*** Records shown

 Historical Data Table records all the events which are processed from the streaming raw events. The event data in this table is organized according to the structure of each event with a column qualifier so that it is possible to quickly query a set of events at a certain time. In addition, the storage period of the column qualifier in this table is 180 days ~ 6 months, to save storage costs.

******
*** Records shown

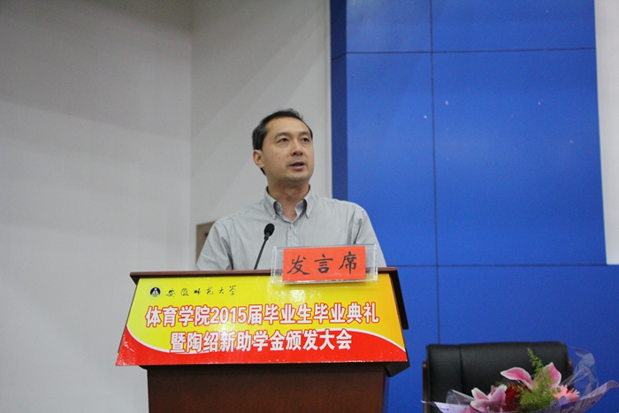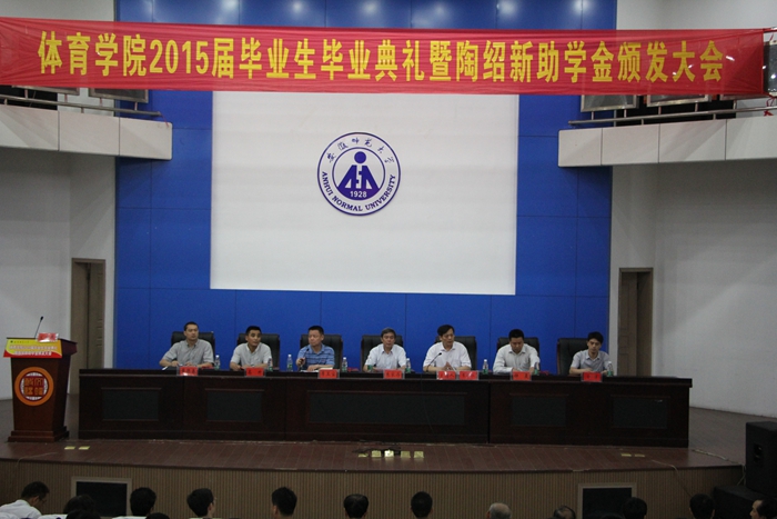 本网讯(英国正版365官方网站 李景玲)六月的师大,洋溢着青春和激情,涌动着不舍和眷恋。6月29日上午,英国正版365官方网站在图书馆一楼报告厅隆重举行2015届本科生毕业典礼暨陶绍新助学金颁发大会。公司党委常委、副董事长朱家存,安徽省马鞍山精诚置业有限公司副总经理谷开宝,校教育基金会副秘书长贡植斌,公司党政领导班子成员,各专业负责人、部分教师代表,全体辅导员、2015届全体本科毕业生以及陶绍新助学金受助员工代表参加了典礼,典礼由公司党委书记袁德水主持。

******
*** Records shown

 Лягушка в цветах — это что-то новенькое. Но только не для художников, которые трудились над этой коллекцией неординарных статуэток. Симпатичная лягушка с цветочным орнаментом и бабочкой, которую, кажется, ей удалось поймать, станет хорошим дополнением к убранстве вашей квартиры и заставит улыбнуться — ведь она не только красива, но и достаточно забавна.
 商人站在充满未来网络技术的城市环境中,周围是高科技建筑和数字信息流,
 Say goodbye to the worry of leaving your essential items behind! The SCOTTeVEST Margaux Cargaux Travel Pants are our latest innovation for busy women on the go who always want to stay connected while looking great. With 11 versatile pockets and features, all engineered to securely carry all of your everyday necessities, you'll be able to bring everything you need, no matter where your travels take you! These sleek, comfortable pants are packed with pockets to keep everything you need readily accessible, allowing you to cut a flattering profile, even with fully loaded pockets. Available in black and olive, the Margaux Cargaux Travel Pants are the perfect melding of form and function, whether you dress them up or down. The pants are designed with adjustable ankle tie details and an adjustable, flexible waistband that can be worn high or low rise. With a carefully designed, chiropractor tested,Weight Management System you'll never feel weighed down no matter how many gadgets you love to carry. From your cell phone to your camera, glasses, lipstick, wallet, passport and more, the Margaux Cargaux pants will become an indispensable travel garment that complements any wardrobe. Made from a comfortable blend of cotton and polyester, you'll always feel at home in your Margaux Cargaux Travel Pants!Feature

******

### Exercise goal
In the listing above, find each line with the word "from" and copy it out.

### Task response
 Historical Data Table records all the events which are processed from the streaming raw events. The event data in this table is organized according to the structure of each event with a column qualifier so that it is possible to quickly query a set of events at a certain time. In addition, the storage period of the column qualifier in this table is 180 days ~ 6 months, to save storage costs.
 Say goodbye to the worry of leaving your essential items behind! The SCOTTeVEST Margaux Cargaux Travel Pants are our latest innovation for busy women on the go who always want to stay connected while looking great. With 11 versatile pockets and features, all engineered to securely carry all of your everyday necessities, you'll be able to bring everything you need, no matter where your travels take you! These sleek, comfortable pants are packed with pockets to keep everything you need readily accessible, allowing you to cut a flattering profile, even with fully loaded pockets. Available in black and olive, the Margaux Cargaux Travel Pants are the perfect melding of form and function, whether you dress them up or down. The pants are designed with adjustable ankle tie details and an adjustable, flexible waistband that can be worn high or low rise. With a carefully designed, chiropractor tested,Weight Management System you'll never feel weighed down no matter how many gadgets you love to carry. From your cell phone to your camera, glasses, lipstick, wallet, passport and more, the Margaux Cargaux pants will become an indispensable travel garment that complements any wardrobe. Made from a comfortable blend of cotton and polyester, you'll always feel at home in your Margaux Cargaux Travel Pants!Feature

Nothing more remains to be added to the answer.